Arithmetic Combinatorics - Part II
Org: Yifan Jing
(University of Illinois at Urbana-Champaign) and Chieu-Minh Tran
(University of Notre Dame)
- GABRIEL CONANT, University of Cambridge
Quantitative stable arithmetic regularity in arbitrary finite groups [PDF]
In 2018, Terry and Wolf showed that any stable subset of a finite abelian group can be efficiently approximated by cosets of a subgroup whose index is bounded exponentially in the approximation and stability constants. At the same time, in joint work with Pillay and Terry, we proved a version of this for arbitrary finite groups using model theoretic techniques, with stronger qualitative features, but no quantitative bounds. Here I will discuss a new effective proof of our result, which yields quantitative bounds for arbitrary finite groups, and improves the bound in Terry & Wolf’s result from exponential to polynomial.
- ARTURO RODRIGUEZ FANLO, University of Oxford
On metric approximate subgroups [PDF]
In 2011, using model theory, Hrushovski found a connexion between finite approximate subgroups and Lie groups. This result, known as the Lie model Theorem, was the starting point used to finally give a complete classification of finite approximate subgroups by Breuillard, Green and Tao. In this talk we will see a generalization of the Lie model Theorem to metric approximate subgroups, where small thickenings are also allowed.
- WEIKUN HE, Korea Institute for Advanced Study
Sum-product estimates in semisimple algebras and random walks on the torus [PDF]

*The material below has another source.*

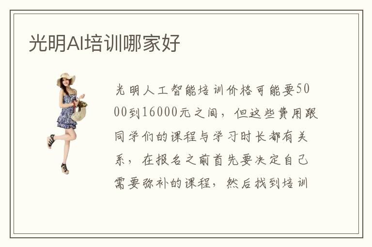 光明人工智能培訓(xùn)價格可能要5000到16000元之間,但這些費用跟同學(xué)們的課程與學(xué)習(xí)時長都有關(guān)系,在報名之前首先要決定自己需要彌補的課程,然后找到培訓(xùn)的方式。同學(xué)自學(xué)人工智能的技術(shù)時,往往要比較好的注意力和分析能力,研究新穎的技術(shù)和發(fā)展方向。ai指導(dǎo)機構(gòu)有什么輔導(dǎo)方法,通常同學(xué)們可以選擇網(wǎng)絡(luò)輔導(dǎo)方法,1對1輔導(dǎo),小班教學(xué)方法,這些方法的特色就是效率高,教學(xué)的內(nèi)容也比較多。而人工智能在線輔導(dǎo)的課程有利于幫助同學(xué)節(jié)約時間,安排復(fù)習(xí)的課程。人工智能培訓(xùn)周末班專業(yè)能力通常都取決于教育資源、培訓(xùn)的經(jīng)驗、師資力量、教學(xué)水準(zhǔn)等等。所以學(xué)生要適當(dāng)珍惜這些人工智能專業(yè)學(xué)習(xí)的機會,補充足夠的知識內(nèi)容,不要只停留在眼前,應(yīng)當(dāng)多關(guān)注以后的方向,了解專業(yè)發(fā)展趨勢。

I will present some results in the spirit of Bourgain's discretized sum-product theorem, but for general semisimple algebras over the real numbers.
Then I will highlight an application to ergodic theory. More precisely, I will explain how these sum-product estimates are used in proving new results on the equidistribution of linear random walks on the torus.
This talk is based on joint works with Nicolas de Saxcé.
- SIMON MACHADO, University of Cambridge
Approximate Subgroups, Meyer Sets and Arithmeticity [PDF]
Approximate lattices are discrete subsets of locally compact groups that are aperiodic but nonetheless exhibit long range order. In abelian groups, these subsets correspond to the so-called quasi-crystals and were given a precise structure theory by Meyer: he showed that they are projections of arithmetic subsets in higher dimension. We will discuss how tools originating from ergodic theory, aperiodic order and the structure of finite approximate subgroups enable us to generalise at once Meyer’s theorem and Margulis’ arithmeticity. In particular we show that approximate lattices in $SL_n(K),\ n\geq 3$ consist of matrices with coefficients in the set of Pisot numbers.
- CHIEU-MINH TRAN, University of Notre Dame
A nonabelian Brunn-Minkowski inequality [PDF]
Henstock and Macbeath asked in 1953 whether the Brunn-Minkowski inequality can be generalized to nonabelian locally compact groups; questions in the same line were also asked by Hrushovski, McCrudden, and Tao. We obtain here such an inequality and prove that it is sharp for helix-free locally compact groups, which includes real linear algebraic groups, Nash groups, semisimple Lie groups with finite center, solvable Lie groups, etc. As an application, we obtain a characterization of sets with nearly minimal measure expansion in noncompact locally compact groups, answering another question by Tao.